“In all of us there is a hunger, marrow-deep, to know who we are and where we have come from. Without this enriching knowledge, there is a hollow yearning. No matter what our attainments in life, there is still a vacuum, an emptiness, and the most disquieting loneliness” – Alex Haley
I am fascinated by the concept of ‘roots’; there are many meanings of the word, but the sentiment is the same – roots must be strong and stable, roots are where we come from both geographically and symbolically, roots are earthy, nourishing, nutritious vegetables, the root is where we find the answers and the reassurance, because it is where everything begins.
I recall a piece I once wrote about my mother and her roots during a memoir writing course I took. She, and many thousands like her, made the difficult and traumatic transition from India to the UK in the late 1950s. Hers had been a sunny, hot, dusty world, one full of extended family, noise, colour, laughter, of small, shared spaces and tolerance. The new world she found herself in was cold, grey, foggy, quiet, lonely, and devoid of all that was familiar. She was uprooted, rather prematurely, before she had had the chance to become the person she was destined to be, and she had to learn a different way of being.
As a result of this transition, she had to replant herself, like an exotic non- indigenous flower, into the earth of a new, seemingly hostile landscape, and wait and hope that her roots would take and provide her stability.
Did she make a successful transition? Of course! With grace, resolve, deep inner strength, the love and devotion of her husband, my father, and eventually, through the bonds she made with her new network of friends, all of whom had been through the same uprooting.
My mother feels that most of her roots are still embedded in Indian soil. This was her Land, where her family remained, and still remain, after she had left. When she goes back ‘home’ every winter, she becomes a very different person. She is more confident, more assertive and outgoing, and more self -assured. She finds a comfort there amongst her family and old friends that seems to remind her of the carefree days of her youth, when life was a little more predictable and uncomplicated. Going back to her roots reattaches her to the identity she left behind all those years ago and with this nourishment, she flourishes. Maybe this is because she misses the old traditional ways of the world and her memories of it lie in India, the country where she was born, raised and educated. Even though India, and for that matter, the world, has changed unrecognisably, I am not sure she wants to accept it has. The innocence of a time gone by has remained ingrained in her mind.
We all require roots, stability, support and nourishment from the places where we find ourselves and the people who surround us. Without this groundedness, we feel adrift, rudderless, alone, and confused. We need to know where, and to whom we belong.
People who are adopted often say that they sensed something was not right in their lives and that they did not feel like they truly belonged to their adoptive parents and family. This feeling of not belonging can occur even if those who are adopted are surrounded by good, loving people. The roots that have been severed are unable to nourish themselves fully without being attached to familiar soil.
There are many people in the world who are becoming displaced due to war and aggression.
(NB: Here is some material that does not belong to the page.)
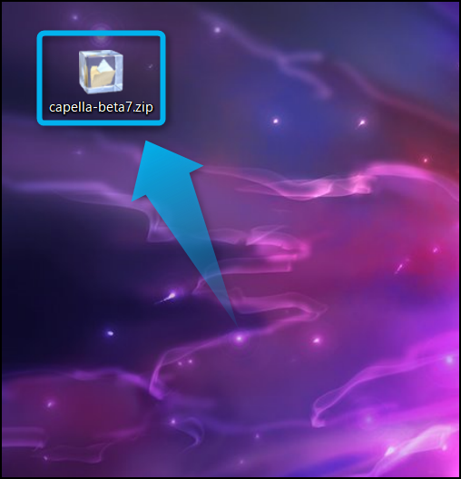 ダウンロードが終わったら『capella-beta7.zip』のファイルを解凍させよう。

They are being uprooted in every sense of the word, forced to flee their homes and countries, often becoming separated from those they love and from whom they have learned stability. Most of us cannot begin to imagine the horror, the heartache, and the level of fear and desperation that these people have to accept as part of their everyday lives. It is not an uprooting like the one my mother experienced, for hers was out of choice, although not one she would have made had it not been for my doctor father’s desire to spread his medical wings and settle in the UK.
Everything is relative, and there are many circumstances that lead to people becoming uprooted, but the common thread of what it means to have roots, remains. It is vital for our sanity, our peace of mind and our ability to be who we were destined to be.
In Ayurvedic philosophy, the root is hugely important, because Ayurveda treats the root cause of disease, rather than just getting rid of the effect. If the cause is not eliminated, then the effect will return. This is why we do not necessarily need to know the name of a disease to treat it. In modern medicine, we like to give names to diseases and prescribe a suitable medicine, but I feel that this can almost hinder the process of attempting to eliminate the cause.
So in all sorts of ways, roots are vital.